WLNZ

Lansing, Michigan; United States;
- Frequency: 89.7 MHz (HD Radio)
- Branding: Michigan Public

Programming
- Format: Public radio
- Affiliations: Michigan Public National Public Radio American Public Media Public Radio International BBC World Service

Ownership
- Owner: Lansing Community College

History
- First air date: February 11, 1994
- Call sign meaning: Lansing

Technical information
- Licensing authority: FCC
- Facility ID: 36537
- Class: A
- Power: 420 watts
- HAAT: 30 meters
- Transmitter coordinates: 42°44′15″N 84°33′12″W﻿ / ﻿42.73750°N 84.55333°W

Links
- Public license information: Public file; LMS;
- Website: www.lcc.edu/radio/

= WLNZ =

Radio station in Lansing, Michigan

WLNZ (89.7 FM) is a non-commercial radio station located in Lansing, Michigan, simulcasting the regional Michigan Public network of public radio stations. The station is owned by Lansing Community College.

==History==
Originally WLNZ wanted to be branded as WLNS, however, WLNS had already been taken by WLNS-TV, a local CBS affiliate, so it landed on WLNZ.

===Technical===
The station began broadcasting on February 11, 1994, with 100 watts. Power was increased to 420 watts in 2001. WLNZ began broadcasting in HD in 2006.

===Programming===
Programming originally consisted mainly of jazz and blues music, but it changed formats to adult album alternative typically throughout the daytime hours weekdays, with different programming on the weekend. The station typically played "Triple-A" music, but ventured out to many genres of music, branding itself as the "True Variety Station".

The station featured a lot of Michigan music and shows dedicated to Michigan artists throughout the day.
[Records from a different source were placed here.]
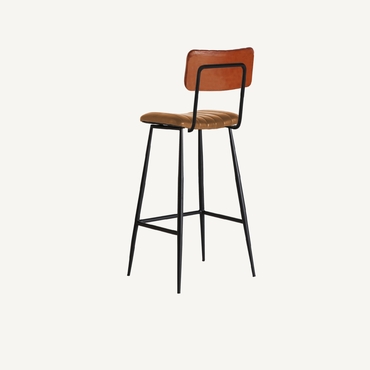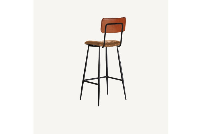 Taburete neguac, en color marrón, de estilo vintage. Fabricado en hierro, combinado con piel.
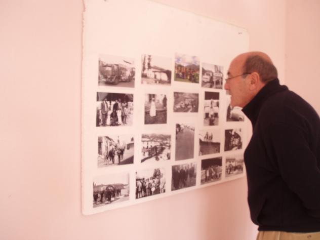 Este señor que mira con mucha atención e interés las fotografías expuestas, nos demuestra que le interesa saber y conocer las vivencias y costumbres de las gentes y pueblos de la zona de la peña, por lo que podemos deducir que es un habitante o natural de esta zona como no podía ser de otra manera.
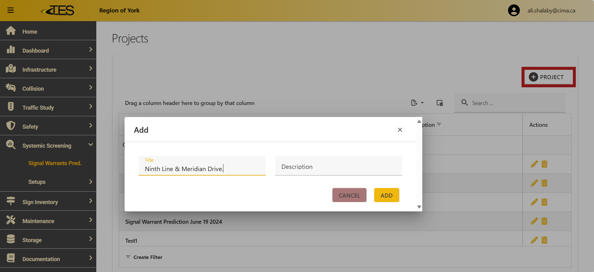 This documentation shows users how to create new projects and save their work to organize and track signal warrant analyses for different locations.

These features ranged from the "Local Lunch Hour", where nothing but Michigan music was played, to the "M-89.7" artist spotlight, where one Michigan artist or band is chosen to be "spotlighted" through one whole month.

Each morning there was a live local talk show called Coffee Break, which was televised in the Lansing area on Comcast local public-access television. WLNZ's original jazz format continued on its HD2 subchannel, which was branded as Jazz Now!.

===Closure===
WLNZ ceased operations March 13, 2020 as a result of the COVID-19 pandemic. It announced June 18, 2020 that it would permanently sign off June 30, however the school's president contradicted this report on June 22.

===Partnership with Michigan Public===
WLNZ started simulcasting the programs of Michigan Public (at the time known as "Michigan Radio") on November 15, 2021. As part of the deal between Lansing Community College and Michigan Public, the college continues to provide locally produced programming every Saturday at 1 PM, and every Sunday at 6 PM. Most of Lansing gets a decent signal from Michigan Public flagship WUOM-FM in Ann Arbor.